Entries shown section start
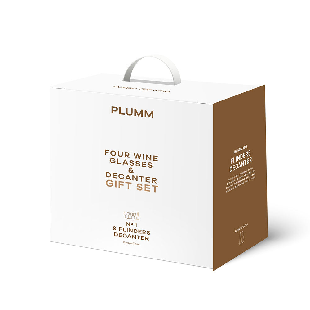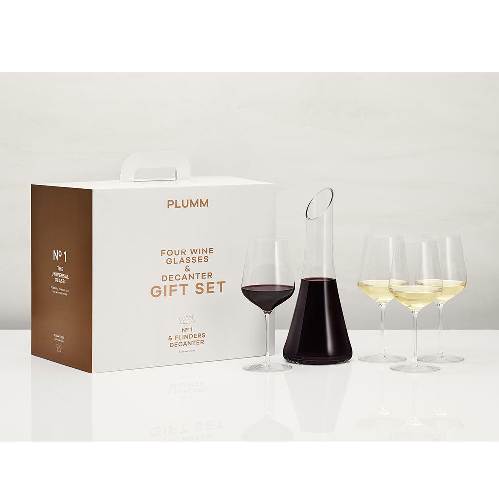 The perfect gift for any wine enthusiast. Plumm's No 1 & Flinders Decanter Gift Set includes four universal wine glasses as well as the Flinders Decanter. The universal wine glass is intended for all types of wine, including red and white. It is also well-suited to full-bodied reds. Designed in collaboration with leading Australian sommeliers to enhance the modern wine and dining experience, these glasses are made of ultra-fine European crystal. The Flinders Decanter is a handblown European crystal decanter suitable for both full-bodied and medium-to-light-bodied red wines. Gift Set contains: 4 x No 1 The Universal Glass 610ml, 1 x Flinders Decanter 1L.
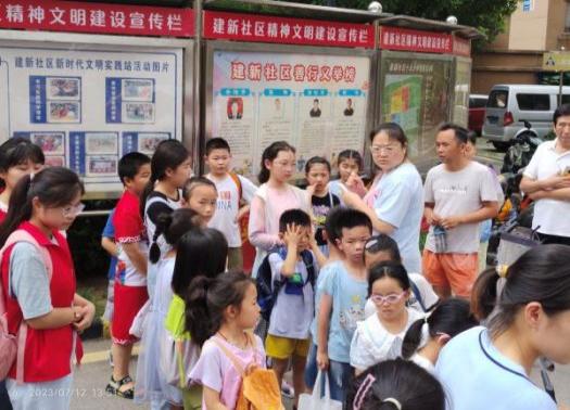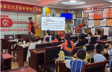 7月10日,同学们到达建新社区,开展小朋友知识科普活动。采用通俗易懂、贴近小朋友的方式科普人体、天文科技、日常生活和交通安全等方面的知识,回答小朋友感兴趣的问题,引导小朋友对知识探索的兴趣,给小朋友们带来一堂生动的人体知识启蒙课。
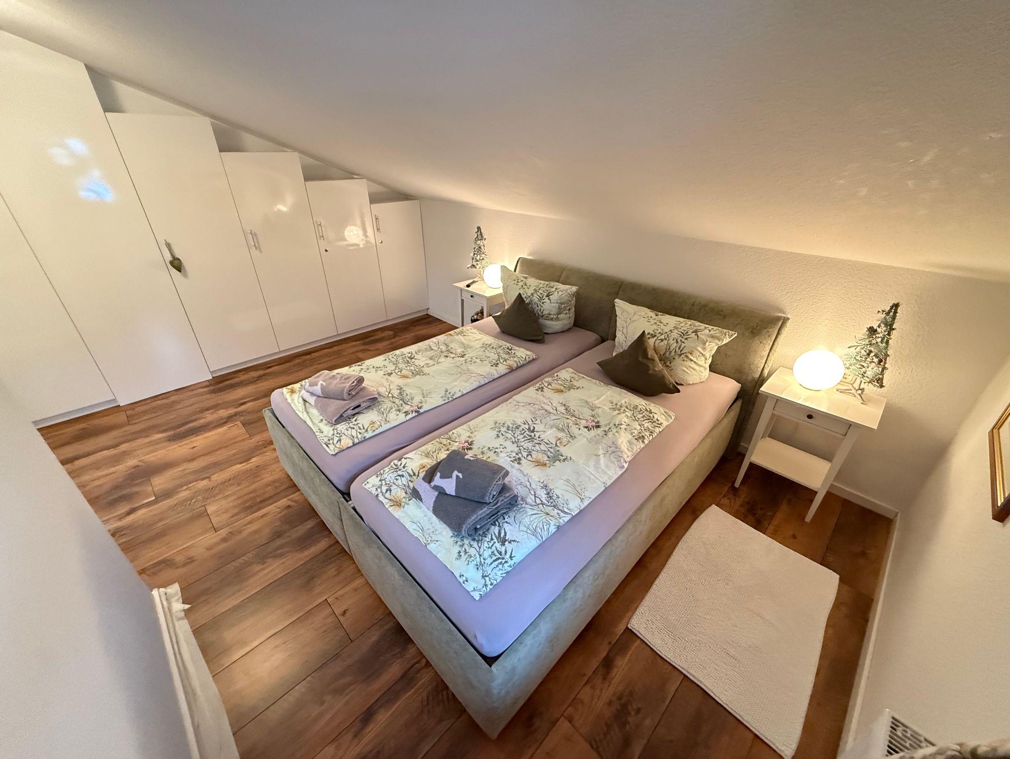 Die Ferienwohnung verfügt über ein Schlafzimmer mit Doppelbett (1,80 x 2,00 m), ein zusätzliches, kleines Zimmer mit Einzelbett (1,00 x 2,00 m),
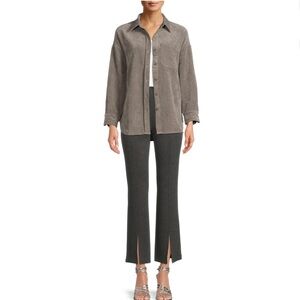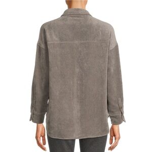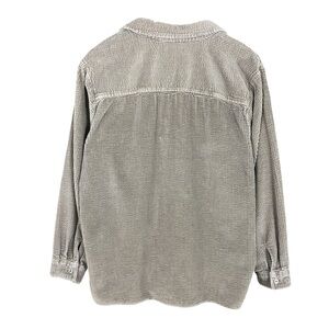 Classic vintage stripe corduroy button-up shacket in a neutral taupe shade. Features a single front pocket and a traditional collar. Stock photo is similar reference.
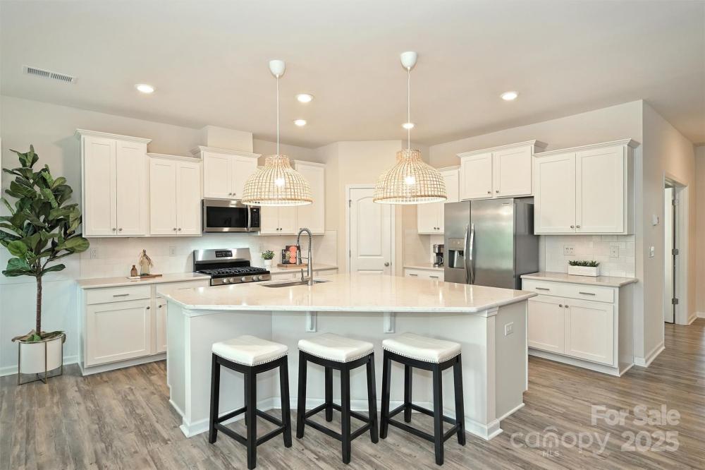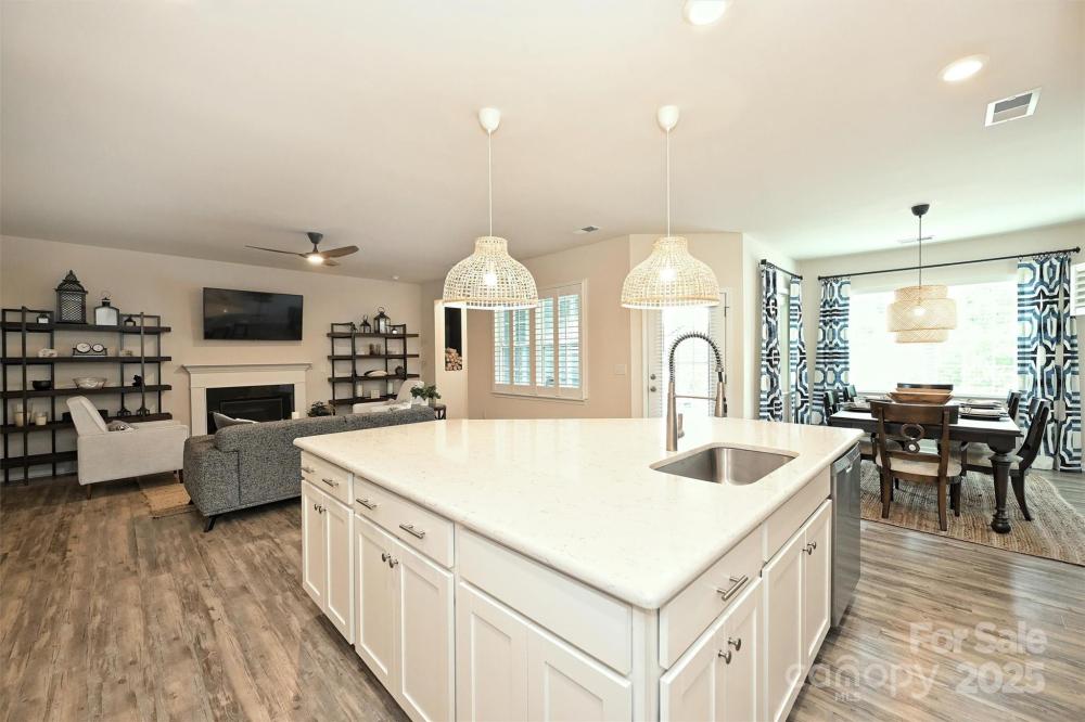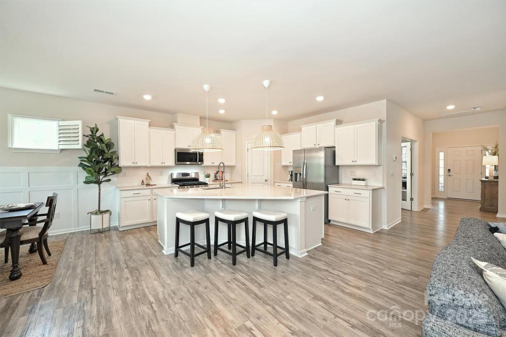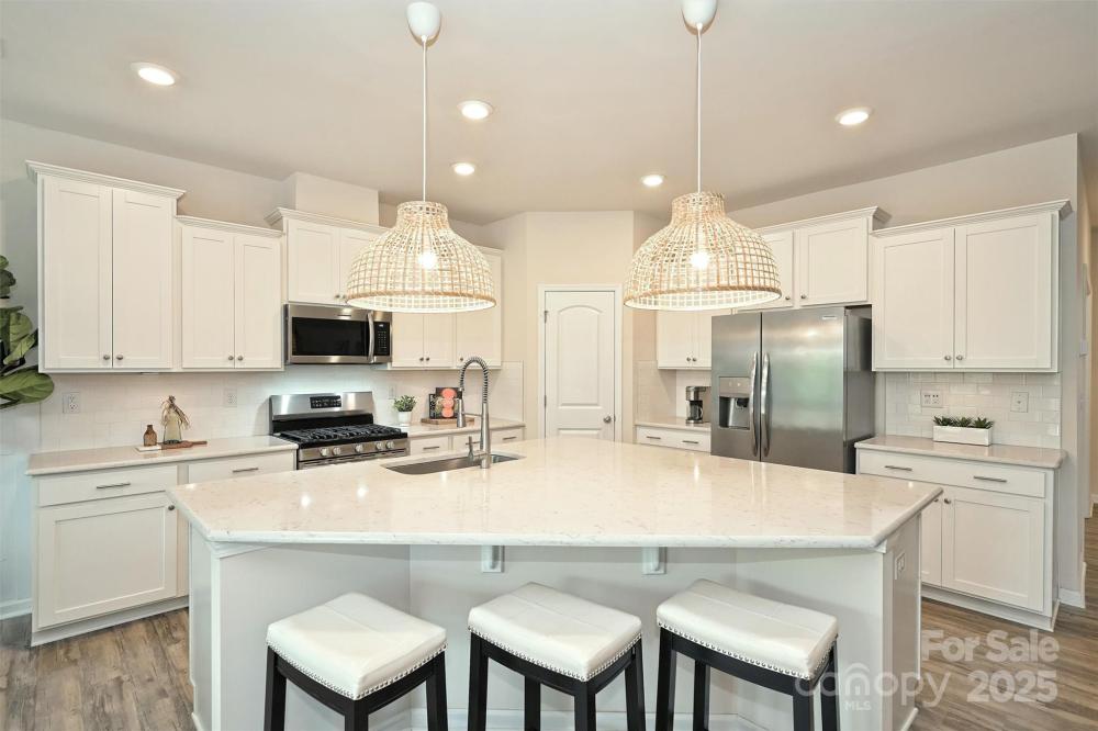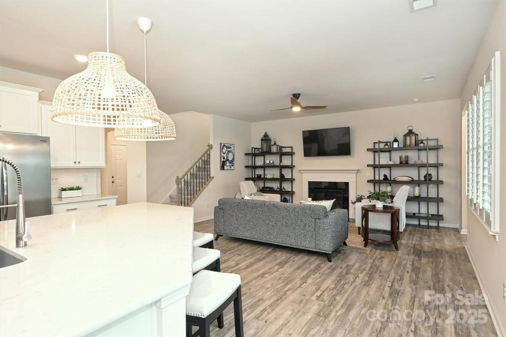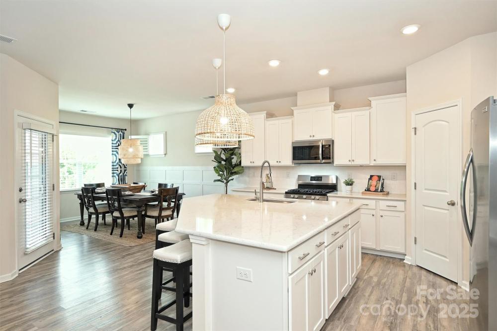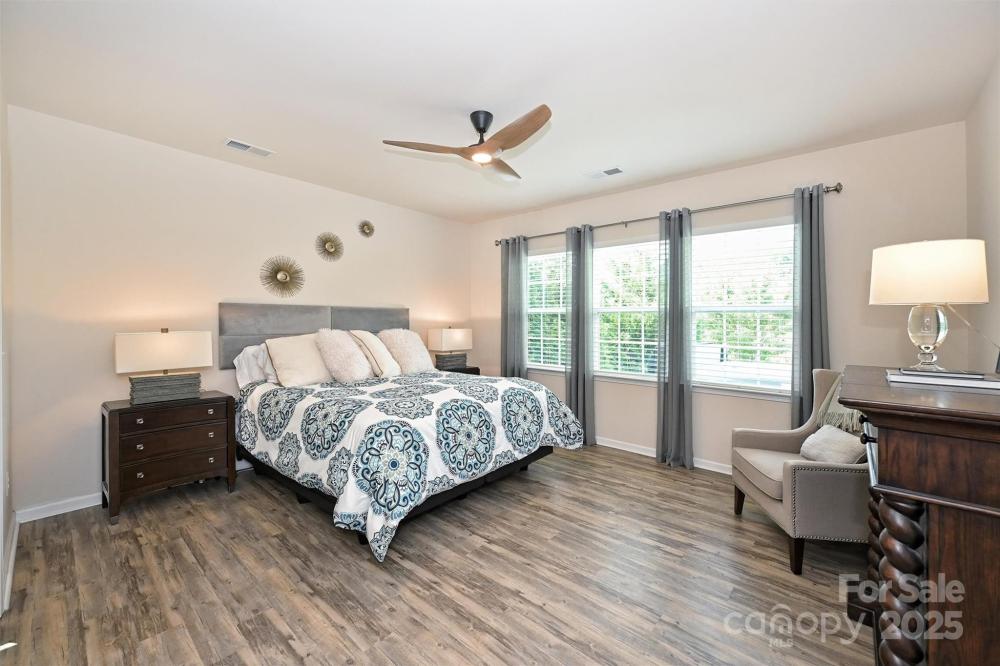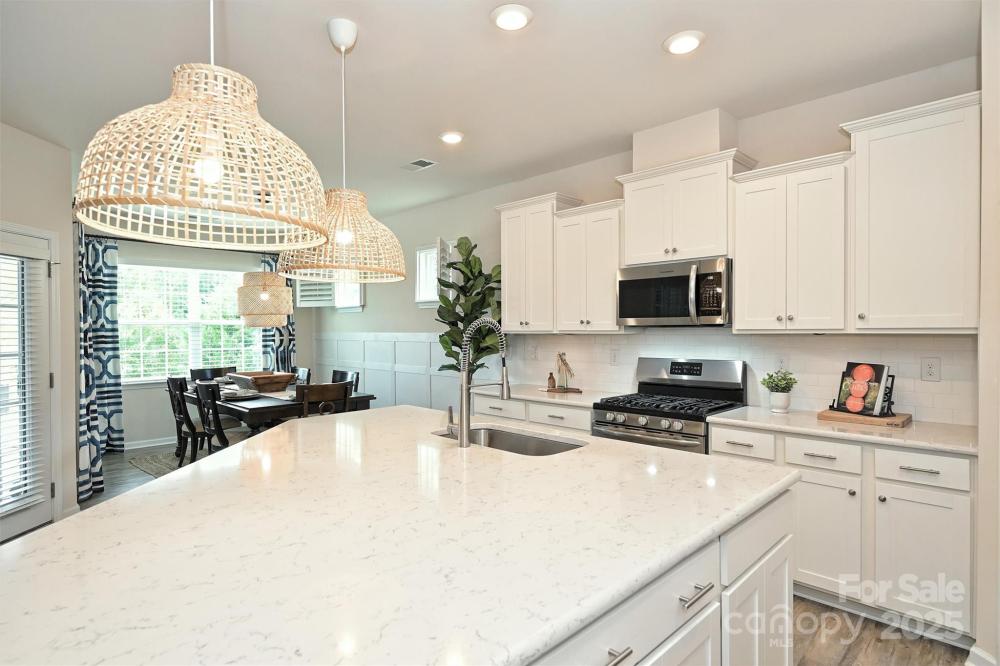 Immaculate 3 Bedroom / 3 Bath home with open floor plan and Primary Suite on the main! The main level also features a designated Office plus a Guest Suite with Full Bath—perfect for visitors or multigenerational living. The stunning Kitchen offers white cabinetry, an oversized Quartz island, and designer lighting, opening seamlessly to the living and dining areas for easy entertaining. Upgraded ceiling fans enhance comfort both indoors and on the covered back patio. Upstairs, a spacious Media/Bonus Room and third Bedroom with a Full Bath provides the perfect retreat. Step outside to a professionally designed paver patio with a Hot Springs saltwater spa, overlooking open space for added privacy and relaxation. The home’s exterior has been freshly painted, and the garage features a professionally coated epoxy floor with additional workshop space. See the attached Features page for a full list of all the upgrades this home has to offer. Washer and dryer both convey with home. Arrington is a hidden gem! Just 15 miles (24 minutes) to Uptown Charlotte, 3 miles to I-77, and less than 20 miles (27 minutes) to Charlotte Douglas International Airport. Enjoy nearby Birkdale Village (under 5 miles) with shopping, dining, and entertainment. Community amenities include a saltwater pool, kiddie pool, clubhouse, and playground. Don’t miss this beautifully maintained, move-in-ready home in one of the area’s most desirable areas!
Entries shown section end
Copy only what runs above from the line containing "7月10日,同学们到达建新社" through the line containing "Classic vintage stripe", exactly. Leave out the pictures.

## Result
 7月10日,同学们到达建新社区,开展小朋友知识科普活动。采用通俗易懂、贴近小朋友的方式科普人体、天文科技、日常生活和交通安全等方面的知识,回答小朋友感兴趣的问题,引导小朋友对知识探索的兴趣,给小朋友们带来一堂生动的人体知识启蒙课。
 Die Ferienwohnung verfügt über ein Schlafzimmer mit Doppelbett (1,80 x 2,00 m), ein zusätzliches, kleines Zimmer mit Einzelbett (1,00 x 2,00 m),
 Classic vintage stripe corduroy button-up shacket in a neutral taupe shade. Features a single front pocket and a traditional collar. Stock photo is similar reference.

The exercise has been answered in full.